Berdasarkan wilayah, pengguna TikTok paling banyak berada di Asia Pasifik (selain Tiongkok dan India), dengan jumlah mencapai 313 juta pengguna pada 2021.
Berikutnya, ada Amerika Latin dan Eropa yang masing-masing sebanyak 188 juta pengguna dan 158 juta pengguna pada 2021.
Adapun untuk Indonesia sendiri tercatat, pengguna aktif bulanan TikTok mencapai 99,1 juta orang pada April 2022. Jumlah tersebut menjadikan Indonesia sebagai pengguna terbesar kedua setelah Amerika Serikat dengan jumlah 136,4 juta.

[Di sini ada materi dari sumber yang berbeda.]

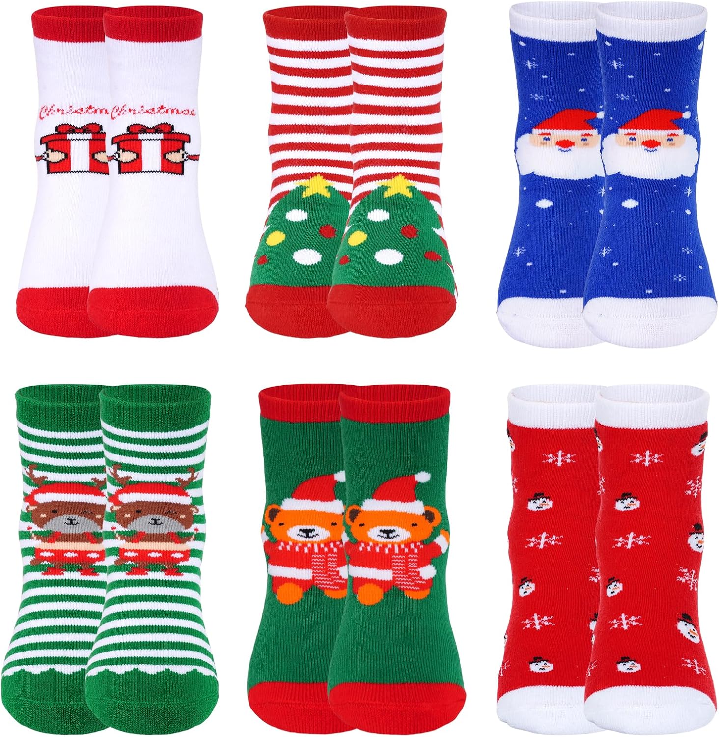 Nydotd 6 Pairs Kids Christmas Winter Socks Thick Cotton Warm Socks Thermal Crew Socks for Boys Girls Children Xmas Gift

Besarnya pengguna TikTok inilah yang menjadikan peluang besar bagi pebisnis online untuk menaikkan omzetnya.
Lantas bagaimana cara menarik minat audiens ketika menggunakan TikTok live sebagai media jualan?
Berikut 3 tips dari konten kreator sekaligus peraktisi bisnis, Dewa Eka Prayoga:
1. Frekuensi live Menurutnya untuk sukses jualan melalui TikTok live, pebisnis online mesti meningkatkan frekuensi live.
"Jadi selain melakukan aktivitas live atau siaran langsung, Anda juga harus memperbanyak frekuensinya," kata dia dikanal YouTubenya, Kamis (12/1/2023).
Adapun memperbanyak frekuensi ini paling tidak dengan melakukan live selama 4 kali dalam sehari. Mulai dari waktu pagi, siang, sore, dan malam.
"Kalau Anda merasa kurang cukup, silakan tambahkan. Mungkin bisa sampai 6 kali waktu live," tambahnya.
2. Durasi Dulu orang hanya live direntang waktu sekitar 30 menit. Namun TikTok akhirnya memberikan tips untuk durasi waktu live, yaitu sekitar 1,5 jam hingga 2 jam.
"Kalau sekali live menggunakan durasi 2 jam, dengan frekuensi 5 kali, maka sehari akan mendapatkan waktu total live menjadi 10 jam," ujarnya.
Adapun untuk mendukung proses live agar berjalan lancar, Sahabat bisa membuat tim khusus untuk live streaming. Tim ini nantinya bisa dibagi tugas masing-masing.
"Jadi nanti bagi-bagi tugas spesifik, seperti tim live pagi, tim siang, tim sore, dan tim malam," katanya.
3. SistemSebagai seorang brand owner, Sahabat bisa membuat sebuah sistem agar tim lebih kuat dalam menjalankan kerjaan hariannya.
Sehingga tim ini bisa melakukan tugasnya secara konsisten. Adapun sistem ini juga harus bisa terintegrasi dan terkoordinasi dengan baik.
"Ketiga langkah itulah yang dilakukan akun TikTok bisnis bisa sukses dan mencapai omzet miliaran rupiah. Selanjutnya, tinggal menjalankan tips tersebut secara konsisten," ujarnya.
Dengan pertumbuhan pengguna yang signifikan, TikTok disebut tengah menguasai dunia media sosial. Belum lagi platform ini juga telah mengalami transformasi luar biasa.
"TikTok awalnya hanya sosial media, kini berubah jadi channel distribusi konten, yang sekarang menjadi e-commerce," jelasnya.
Artinya TikTok telah menjawab kebutuhan para penggunanya dengan kemampuan menyalurkan hal yang diinginkan. Yaitu menjadi sosial media, channel distribusi, dan juga e-commerce.
"Ini adalah sistem yang sangat langka yang terjadi di negeri ini. Bahkan juga termasuk di dunia," tambahnya.